>>>

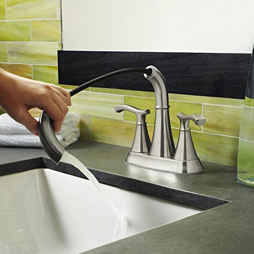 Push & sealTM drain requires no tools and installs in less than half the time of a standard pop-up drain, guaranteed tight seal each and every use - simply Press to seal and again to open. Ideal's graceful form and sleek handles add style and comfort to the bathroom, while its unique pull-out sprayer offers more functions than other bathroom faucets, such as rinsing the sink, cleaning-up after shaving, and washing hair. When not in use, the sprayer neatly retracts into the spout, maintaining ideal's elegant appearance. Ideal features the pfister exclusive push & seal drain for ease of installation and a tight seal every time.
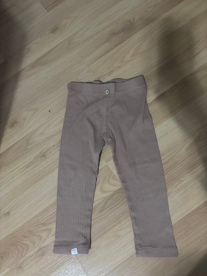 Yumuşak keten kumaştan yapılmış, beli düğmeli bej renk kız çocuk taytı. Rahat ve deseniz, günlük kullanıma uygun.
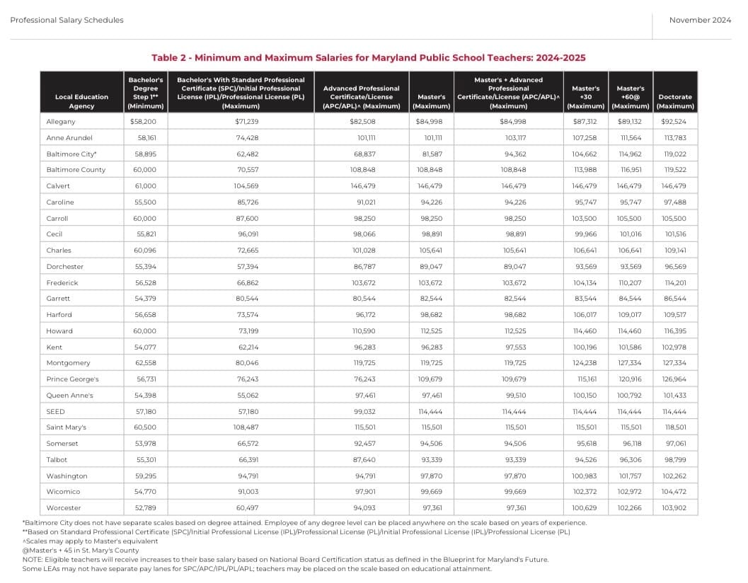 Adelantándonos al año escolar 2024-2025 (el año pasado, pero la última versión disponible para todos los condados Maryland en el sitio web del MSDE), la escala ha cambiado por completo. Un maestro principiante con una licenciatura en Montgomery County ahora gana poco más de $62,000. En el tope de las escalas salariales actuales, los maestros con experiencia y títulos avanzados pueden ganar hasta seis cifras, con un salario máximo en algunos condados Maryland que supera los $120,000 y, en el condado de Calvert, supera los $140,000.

<<<
>>>

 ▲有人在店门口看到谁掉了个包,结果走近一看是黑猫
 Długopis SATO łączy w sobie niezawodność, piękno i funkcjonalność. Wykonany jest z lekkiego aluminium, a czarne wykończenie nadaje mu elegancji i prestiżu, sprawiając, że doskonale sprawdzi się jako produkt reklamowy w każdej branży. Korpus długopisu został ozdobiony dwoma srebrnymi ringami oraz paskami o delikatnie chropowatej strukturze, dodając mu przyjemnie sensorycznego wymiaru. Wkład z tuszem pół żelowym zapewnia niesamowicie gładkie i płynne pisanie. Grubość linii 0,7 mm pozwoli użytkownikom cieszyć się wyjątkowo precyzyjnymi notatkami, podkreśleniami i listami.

<<<

Assigned task. Extract, without any images, the part of the material above that opens with the line containing "Push & sealTM" and closes with the line containing "Yumuşak keten kumaştan", both lines included.

Solved exercise.
 Push & sealTM drain requires no tools and installs in less than half the time of a standard pop-up drain, guaranteed tight seal each and every use - simply Press to seal and again to open. Ideal's graceful form and sleek handles add style and comfort to the bathroom, while its unique pull-out sprayer offers more functions than other bathroom faucets, such as rinsing the sink, cleaning-up after shaving, and washing hair. When not in use, the sprayer neatly retracts into the spout, maintaining ideal's elegant appearance. Ideal features the pfister exclusive push & seal drain for ease of installation and a tight seal every time.
 Yumuşak keten kumaştan yapılmış, beli düğmeli bej renk kız çocuk taytı. Rahat ve deseniz, günlük kullanıma uygun.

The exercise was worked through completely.